Democrats on the House panel tied the case to former President Donald Trump’s effort to overturn his election loss in 2020. Committee Chairperson Rep. Zoe Lofgren, D-Calif., argued that some Republicans have latched onto the theory as a means to overturn the will of the voters.

“The theory is not grounded in history precedent, or logic, but it has gained an increasing following in some sectors of America over the past 20 years,” Lofgren said. “But make no mistake, for many supporters the independent state legislature theory is part of a broader plan to seize control of elections.”

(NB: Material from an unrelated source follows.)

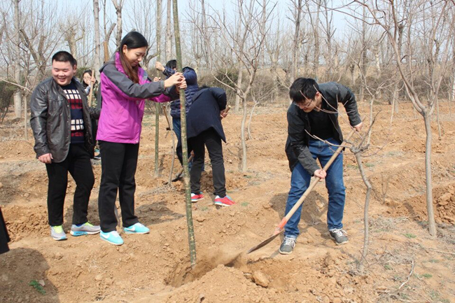 十年樹木,百年樹人。本次植樹交友活動以植樹活動為主線,成功融入了青工交流、團隊建設、交友聯誼等元素。在前往苗圃途中,專業素質拓展教練就通過“記名字”游戲,讓大家迅速“破冰”,積極主動交流。植樹前,大家按照教練指揮,分為四隊推選出隊長、“隊秘”和隊歌,集體展示了團隊口號和標志造型,并在“石頭剪刀布”接力比賽中,拉近了彼此距離,展現了團隊力量。在苗圃工作人員的指導下,四支隊伍展開了熱火朝天的植樹比賽,歷時一個多小時,150余棵國槐樹苗便已在春風中搖曳生姿。隨后,大家寫下了植樹寄語銘牌,讓青春的無限夢想伴隨著樹苗一同成長。

Committee ranking member Rep. Rodney Davis, R-Ill., pushed back on that argument, calling it “an excuse to cover their favorite topic, President Trump and the 2020 election.” Davis said he plans to introduce a bill he called the American Confidence in Elections Act, which would include model state elections legislation and support for nationwide voter ID requirements.

“Our driving principle is that every eligible American should have the opportunity to vote, and that their ballot should be counted according to law,” Davis said.

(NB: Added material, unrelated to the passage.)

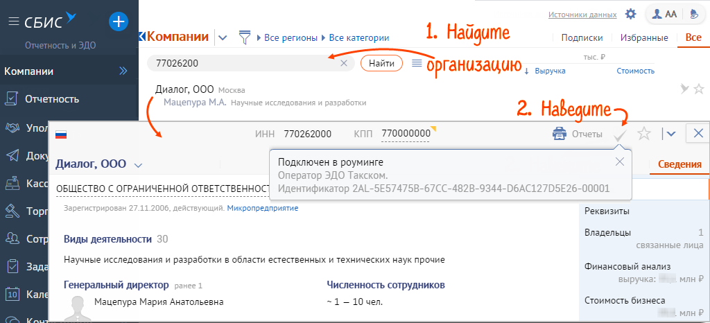 Это зависит от того, подключен ваш контрагент к роумингу или еще нет. Узнайте статус бизнес-партнера там же, где проверяли его оператора — в разделе «Компании». Обратите внимание, указан ли в статусе идентификатор участника ЭДО. СБИС сообщит, как только контрагент примет ваше приглашение. С этого момента можно начинать обмен документами.

Davis said Republicans would pursue that bill if they gain the House next year, including implementing voter ID requirements in the District of Columbia.

The independent state legislature theory stems from the Constitution’s Elections Clause, which states that state legislatures determine the “The Times, Places and Manner,” of federal elections.

“The Constitution thus grants the state ‘Legislature’ primacy in setting the rules for federal elections, subject to check only by Congress,” not the courts, the North Carolina legislature argued in a Supreme Court filing.

Originally, the North Carolina state legislature sought an emergency stay of the order that required the state to redraw its congressional map. There, a majority of the justices ruled against a stay, but Justices Samuel A. Alito Jr., Clarence Thomas and Neil M. Gorsuch dissented.

Alito argued in favor of some version of the independent state legislature theory in the dissent.

“[I]f the language of the Elections Clause is taken seriously, there must be some limit on the authority of state courts to countermand actions taken by state legislatures when they are prescribing rules for the conduct of federal elections,” Alito wrote in the dissent.

Trump allies, particularly lawyer John Eastman, advanced a version of the independent state legislature theory as part of the monthslong pressure campaign to overturn his loss in several states. Eastman testified to Georgia legislators they had a “lawful authority and ‘duty’” to replace electors for President Joe Biden in the state.

Eliza Sweren-Becker, counsel for the Brennan Center for Justice program, testified Thursday that the theory could not be used to justify efforts to send alternate electors to Congress, but it was used to undercut decisions by state courts and secretaries of state to adjust voting due to the coronavirus pandemic.

“To be clear, the independent state legislature claim is not a license to coup. Federal law prohibits state legislatures from overturning the results of elections,” she said. “But the notion would open the door to anti-democratic shenanigans and even failed efforts to manipulate our elections, erode trust and, ultimately, participation in our democracy.”